Главное, что не было сделано в период с 2008 года, – не были разделены власть и бизнес. У нас и государство приватизировано, и за формально частным бизнесом стоит чиновник. Это становой хребет всей нашей экономической и политической системы.
– Во всем мире государство вошло в проблемные банки. Может, кризис не лучшее время для разделения института власти и института собственности?
– В России – лучшее. Когда нефть упала до 35 долларов, эта ситуация напоминала 1991 год, только с резервами и большей стабильностью. Но и сейчас именно цена за баррель могла бы сподвигнуть государство на весьма радикальные реформы. Как сказал Герман Греф: «Реформа начнется тогда, когда кончится нефть». Но в 2008-м – начале 2009 года окно возможностей открылось и сразу же закрылось.
Те социальные обязательства, которые у нас есть, мы можем поддержать и нарастить, только если совершим маневр с рынком труда. Мы видим, что инвестиции не идут, новые рабочие места не создаются.
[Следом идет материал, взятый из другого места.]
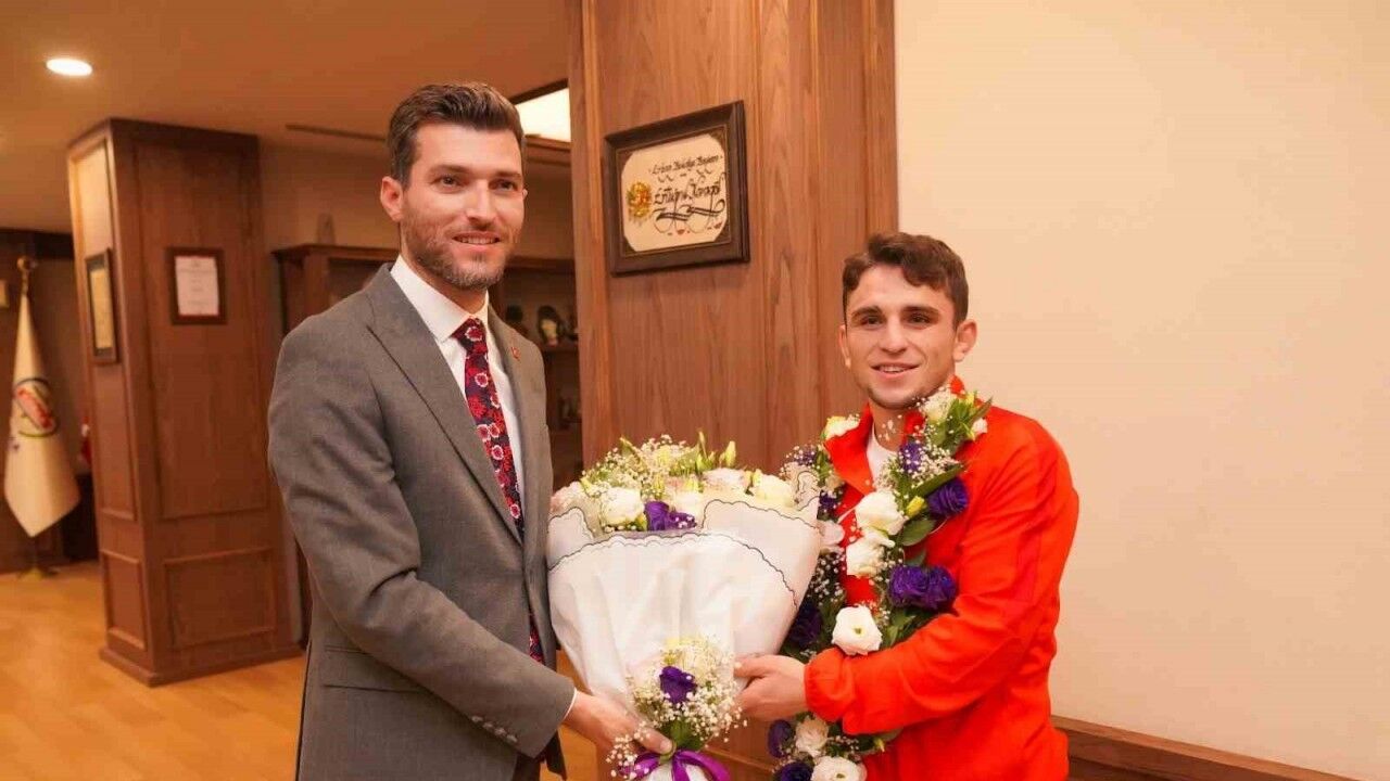 Erbaa Belediye Başkanı Ertuğrul Karagöl Azerbaycan’da düzenlenen Ordulararası Serbest Güreş Şampiyonası’nda Dünya Şampiyonu olan Ahmet Duman’ı tebrik ederek hediye takdim etti.

Как только будут создаваться новые рабочие места и при этом будет расти безработица – это будет позитив. Такой вот парадокс, объясняющийся тем, что две трети рабочих мест в нашей экономике неэффективны. Высокие зарплаты у нас в ТЭКе, в банковской системе – хотя ЦБ говорит, что треть банков надо сократить, – в страховом секторе, есть отдельные предприятия в обрабатывающей промышленности. Но основная масса – это неэффективное производство. Чтобы и люди были довольны, оставаясь на своих местах, и одновременно осуществить крупную инновацию, – такое зачастую просто невозможно.